Data segment
Start of Block

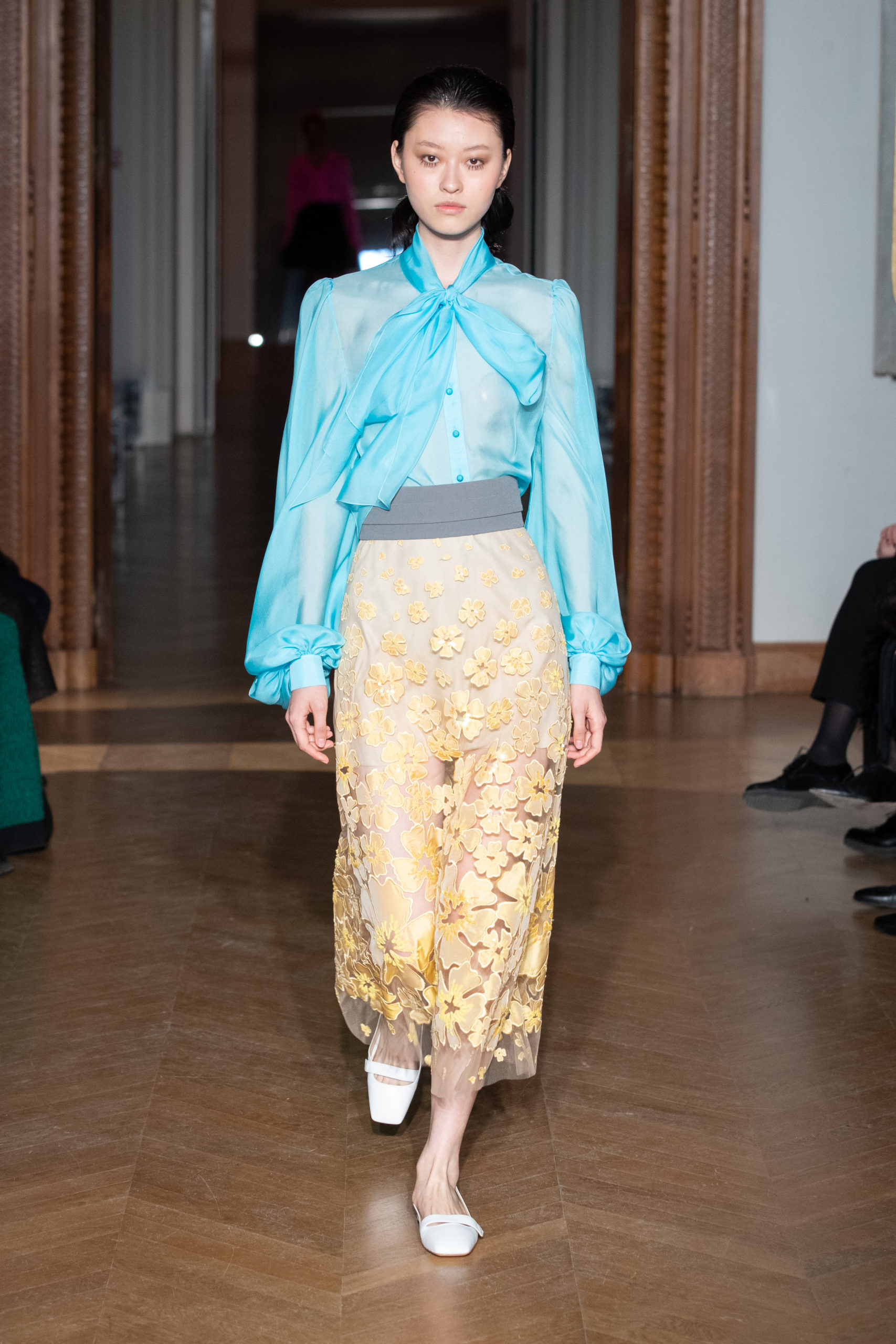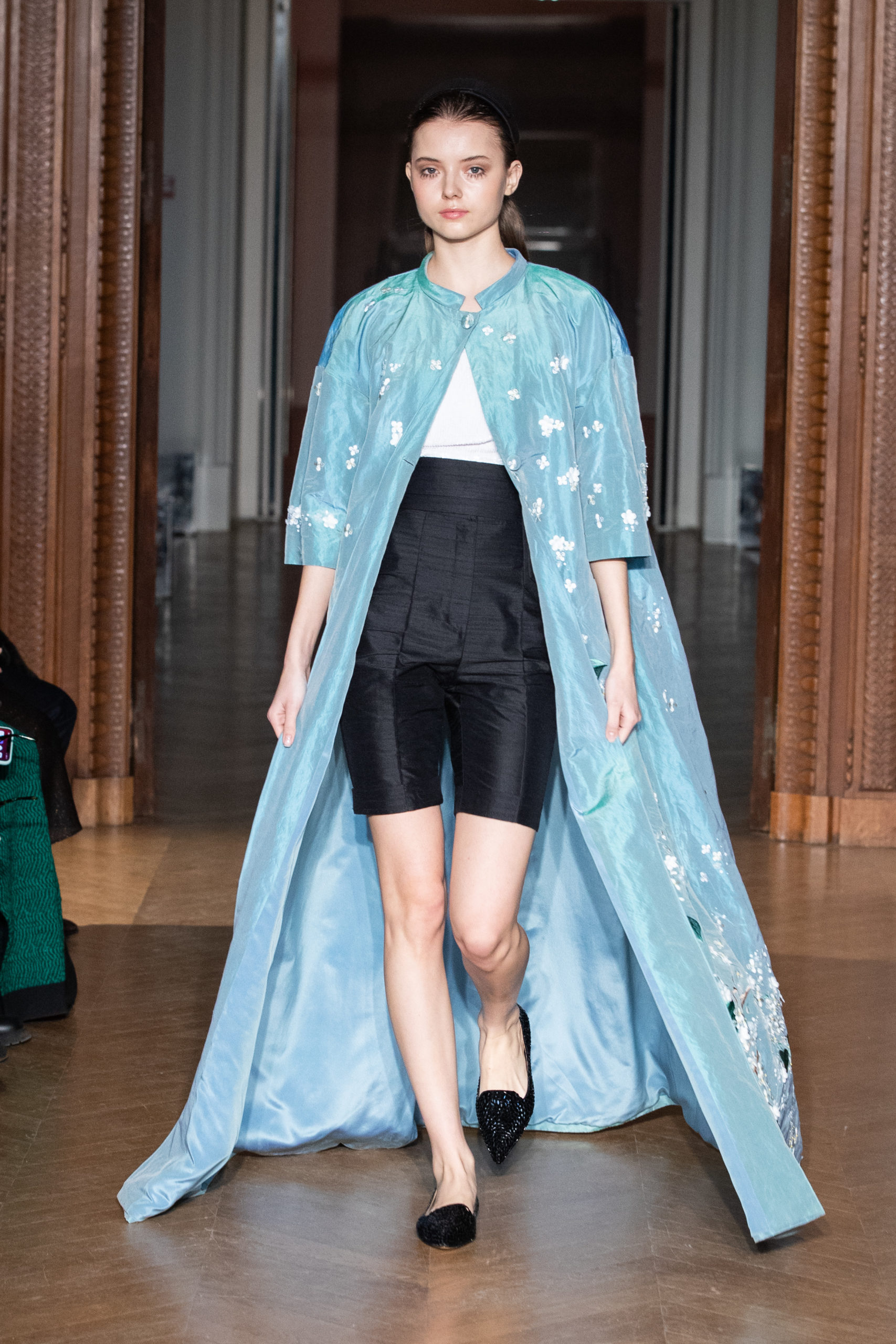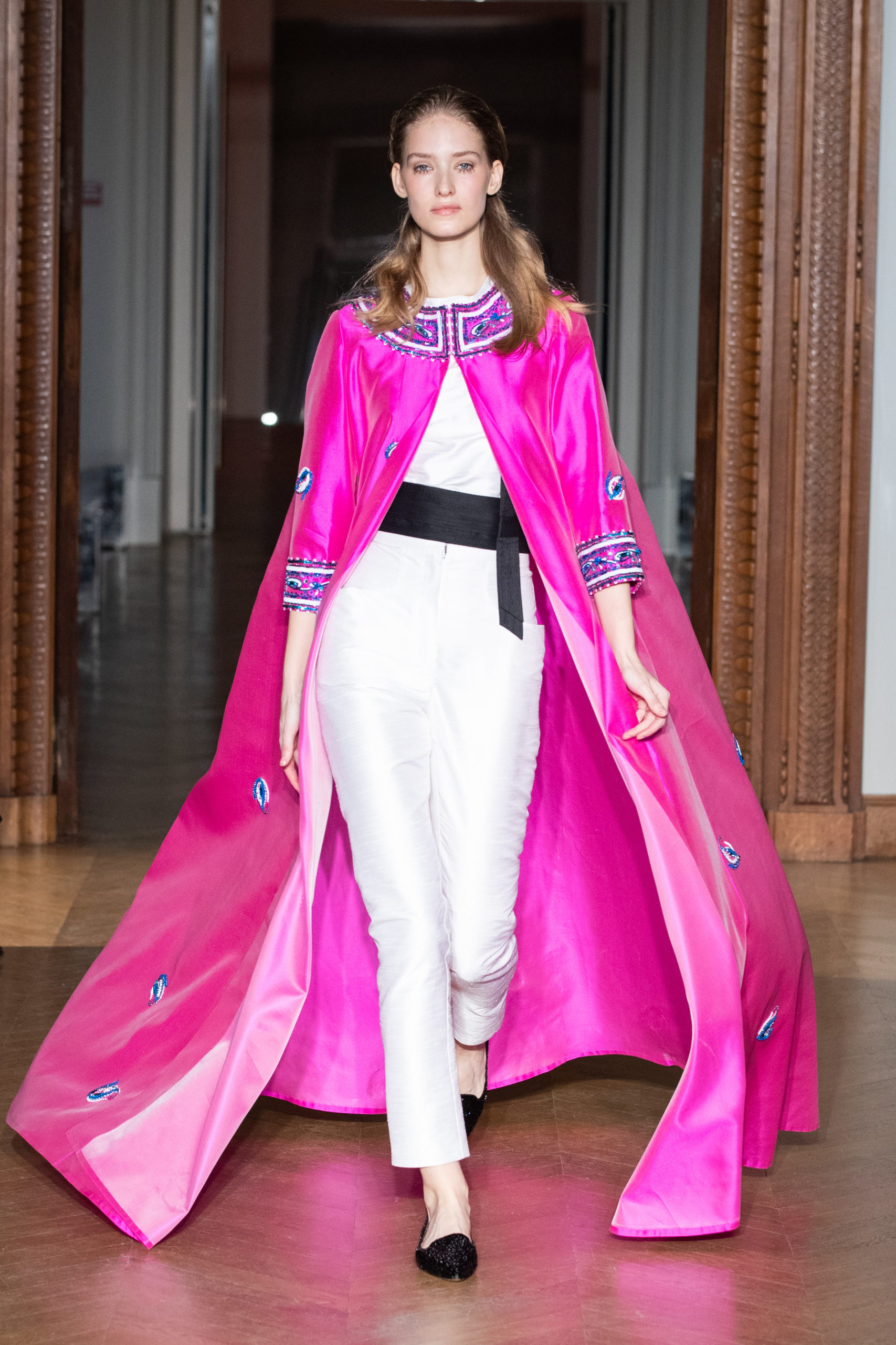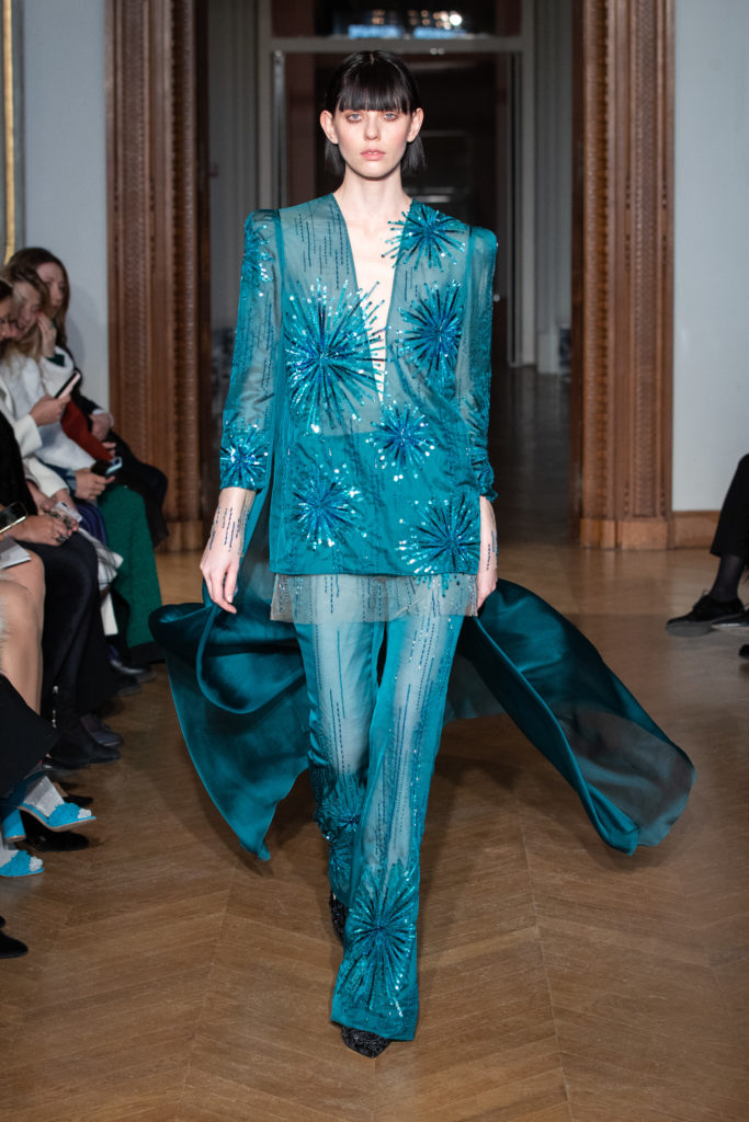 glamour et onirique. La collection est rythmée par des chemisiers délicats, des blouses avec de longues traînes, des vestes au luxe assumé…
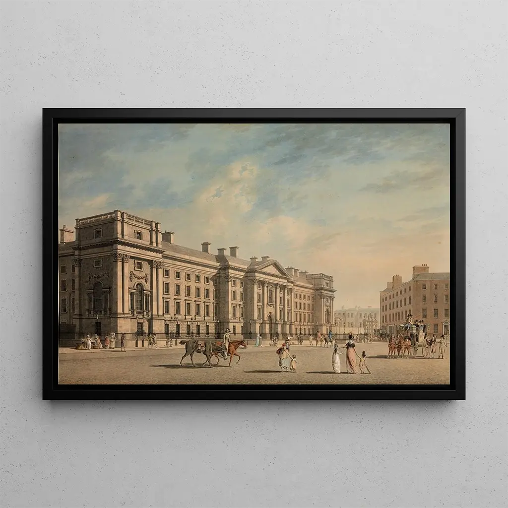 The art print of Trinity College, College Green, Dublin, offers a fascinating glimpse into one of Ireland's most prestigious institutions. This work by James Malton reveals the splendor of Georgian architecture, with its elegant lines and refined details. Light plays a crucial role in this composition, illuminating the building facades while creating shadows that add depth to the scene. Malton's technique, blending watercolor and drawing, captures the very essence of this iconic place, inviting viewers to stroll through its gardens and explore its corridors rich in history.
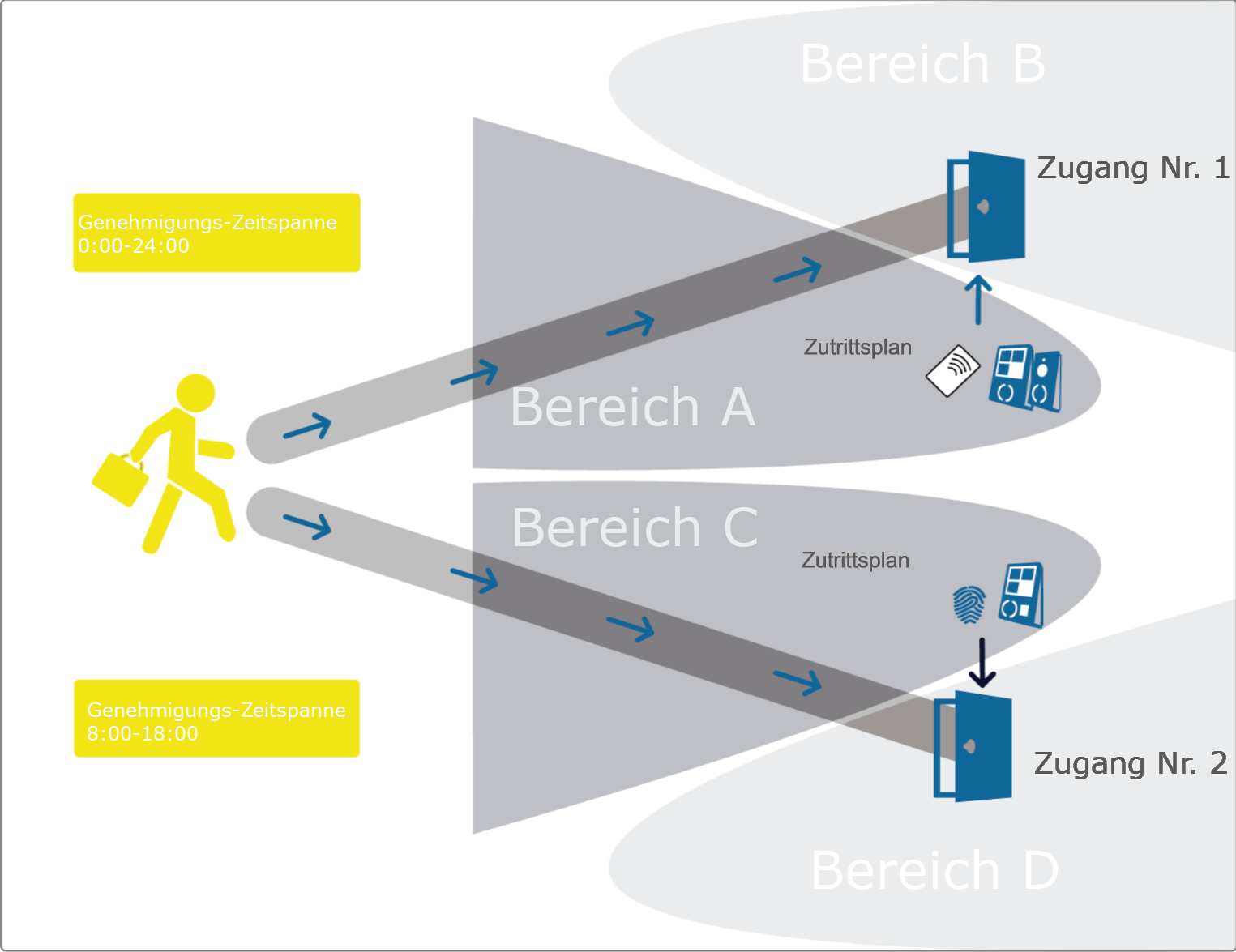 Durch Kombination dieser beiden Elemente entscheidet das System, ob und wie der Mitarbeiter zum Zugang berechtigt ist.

End of Block

To do
The listing above is to be set down word for word, without its images.

Problem solution
 glamour et onirique. La collection est rythmée par des chemisiers délicats, des blouses avec de longues traînes, des vestes au luxe assumé…
 The art print of Trinity College, College Green, Dublin, offers a fascinating glimpse into one of Ireland's most prestigious institutions. This work by James Malton reveals the splendor of Georgian architecture, with its elegant lines and refined details. Light plays a crucial role in this composition, illuminating the building facades while creating shadows that add depth to the scene. Malton's technique, blending watercolor and drawing, captures the very essence of this iconic place, inviting viewers to stroll through its gardens and explore its corridors rich in history.
 Durch Kombination dieser beiden Elemente entscheidet das System, ob und wie der Mitarbeiter zum Zugang berechtigt ist.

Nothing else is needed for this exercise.